EXERCISE OBJECTIVE
Repeat the listing exactly, minus the pictures.

DATASET CONTENT
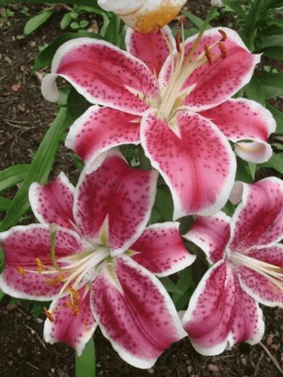 Лилия **Starfighter** пленяет взор своей изысканной красотой и благородством форм. Высокий стройный стебель достигает метра высоты, увенчанный крупными ароматными цветами, словно звездами сияющими среди зелени сада. Лепестки цветка окрашены в насыщенный красно-оранжевый оттенок с золотистыми переливами, украшенные тёмно-коричневыми пятнами, придающими особую декоративность. Листья ланцетовидные, гладкие, ярко-зелёные, расположены вдоль всего стебля, создавая гармоничную композицию с яркими бутонами. Цветёт лилия обильно и продолжительно, начиная с июля и заканчивая августом, наполняя пространство вокруг нежным ароматом и притягивая внимание своим великолепием. Предпочитает солнечные места с плодородной почвой, легко адаптируется к различным климатическим условиям, становясь украшением садов и парков, радуя глаз и вдохновляя художников и поэтов.
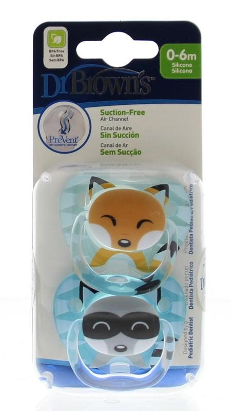 Dr Brown's Fopspeen prevent animal faces F1 blauw (2 Stuks)
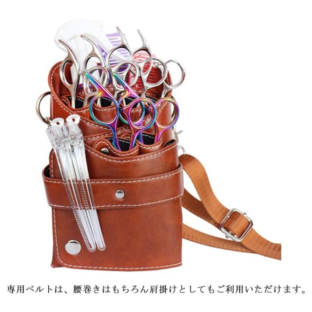 プロ仕様 6丁入 シザー シザーケース PU 理容師 スキバサミ 防水 フローリスト フラワーショップ 花屋 シザーポーチ 腰巻き 散髪 理容師 トリマー ハサミ 美容師 ケース シザーバッグ レザーバッグ トリマー フローリスト

ANSWER BOX
 Лилия **Starfighter** пленяет взор своей изысканной красотой и благородством форм. Высокий стройный стебель достигает метра высоты, увенчанный крупными ароматными цветами, словно звездами сияющими среди зелени сада. Лепестки цветка окрашены в насыщенный красно-оранжевый оттенок с золотистыми переливами, украшенные тёмно-коричневыми пятнами, придающими особую декоративность. Листья ланцетовидные, гладкие, ярко-зелёные, расположены вдоль всего стебля, создавая гармоничную композицию с яркими бутонами. Цветёт лилия обильно и продолжительно, начиная с июля и заканчивая августом, наполняя пространство вокруг нежным ароматом и притягивая внимание своим великолепием. Предпочитает солнечные места с плодородной почвой, легко адаптируется к различным климатическим условиям, становясь украшением садов и парков, радуя глаз и вдохновляя художников и поэтов.
 Dr Brown's Fopspeen prevent animal faces F1 blauw (2 Stuks)
 プロ仕様 6丁入 シザー シザーケース PU 理容師 スキバサミ 防水 フローリスト フラワーショップ 花屋 シザーポーチ 腰巻き 散髪 理容師 トリマー ハサミ 美容師 ケース シザーバッグ レザーバッグ トリマー フローリスト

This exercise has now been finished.